Recenzja zbiorcza baz pod cienie.


1 NYX kolor biały 01
2 Art Deco
3 Benefit
4 Dior
5 Eyeshawdow Primer Sephora 

nazwy spisane z opakowań próbek



1 Na początku brała mnie biała gorączka na myśl, że mam jej użyć. Idealna plastyczność. Nie trzyma długo cieni, max 10 godzin. Jest bardzo wydajna. Zależy jak dużo się nałoży na oczy bazy, to potem widoczny efekt przebijającej się bazy.

2 Źle się nakładała, brak całkowitej plastyczności. Kolor brązowy z lekkim brokatem. Utrzymała cienie w stanie idealnym, praktycznie przez cały wieczór. Konsystencja była zbita, przez co mniej wydajna. 

3 Trochę mi się zeschła, ale nałożyłam ją na powieki i szału zbyt bardzo nie ma. Przyjemnie się rozprowadzała palcem po powiece. Gdzie jej się zebrało więcej, tam dłużej się trzymał cień. Kolor beżowy. Konsystencja raczej pół stała pół płynna. 

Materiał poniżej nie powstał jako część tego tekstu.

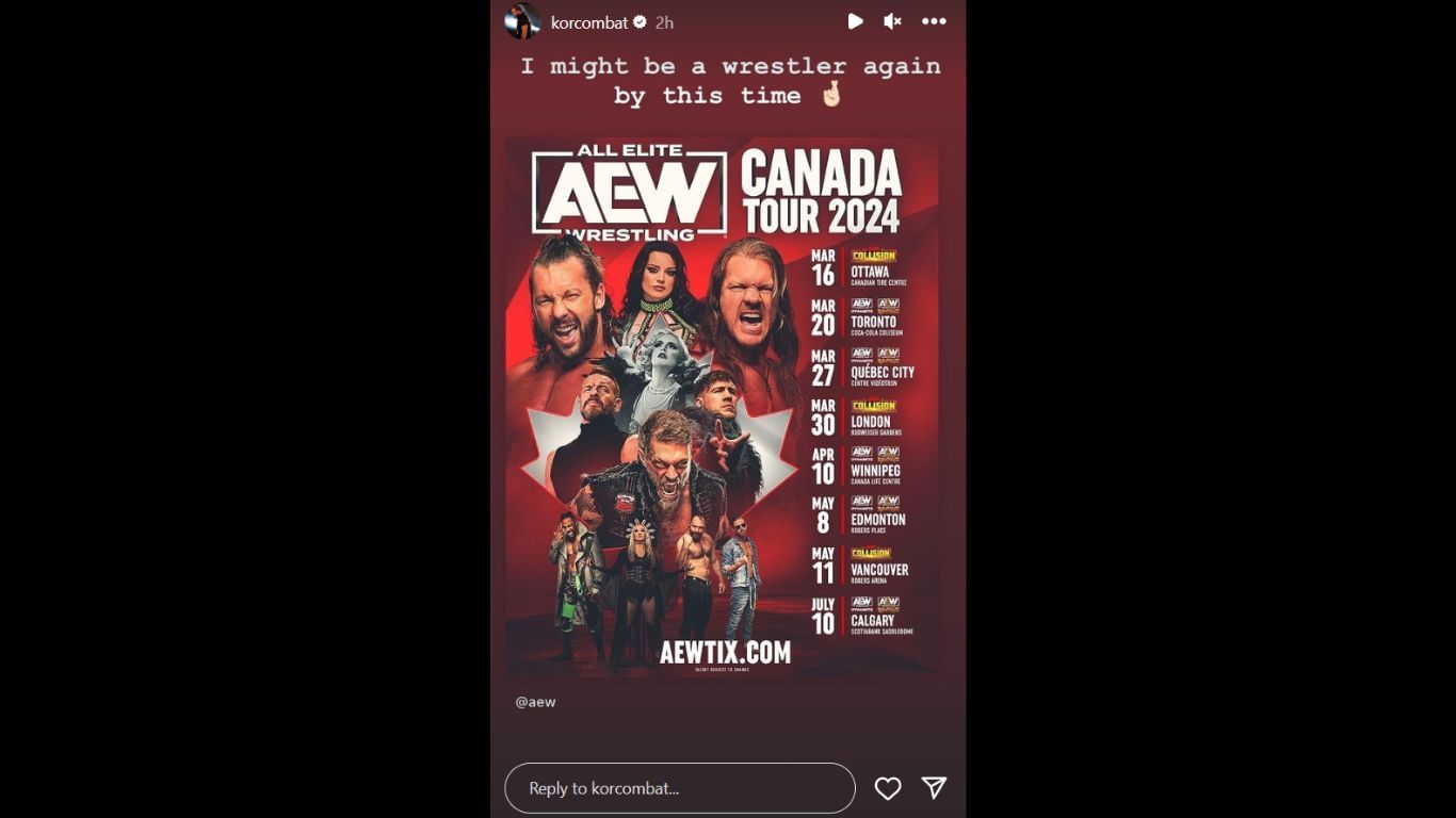 AEW recently announced their Canada Tour dates in 2024, and it seems like Kyle O'Reilly has taken an interest in the company touring his home country. O'Reilly took to Instagram and reposted the story while hinting at a possible in-ring return.

4 Nałożyłam bazę rano i zmyłam późnym wieczorem, wytrzymała łzy, przecieranie oczu tylko przez jeden dzień. Cena troszeczkę odstraszająca. Konsystencja idealna dla mnie, czyli stałą. Kolor erce. Raczej nie ma zbyt dobrej plastyczności. 

5 Niestety nie przetestowałam jej, bo się zepsuła. Z konsystencji płynnej mazi, coś jak krem zrobiła się plastelina. Po prostu wyschła.


Poprosiłam w Sephorze o kolejną próbkę, ale niestety dopatrzyłam i dostałam tą do „cieni na co dzień”, poprzednia była bardziej do sypkich brokatów. 



To chyba strzał w dziesiątkę. Baza po nałożeniu jest nie widoczna, ale niestety nie utrzymuje do końca dnia cieni. Plastyczna, łatwa w nałożeniu. Nie jest lepka. Kolor kości słoniowej.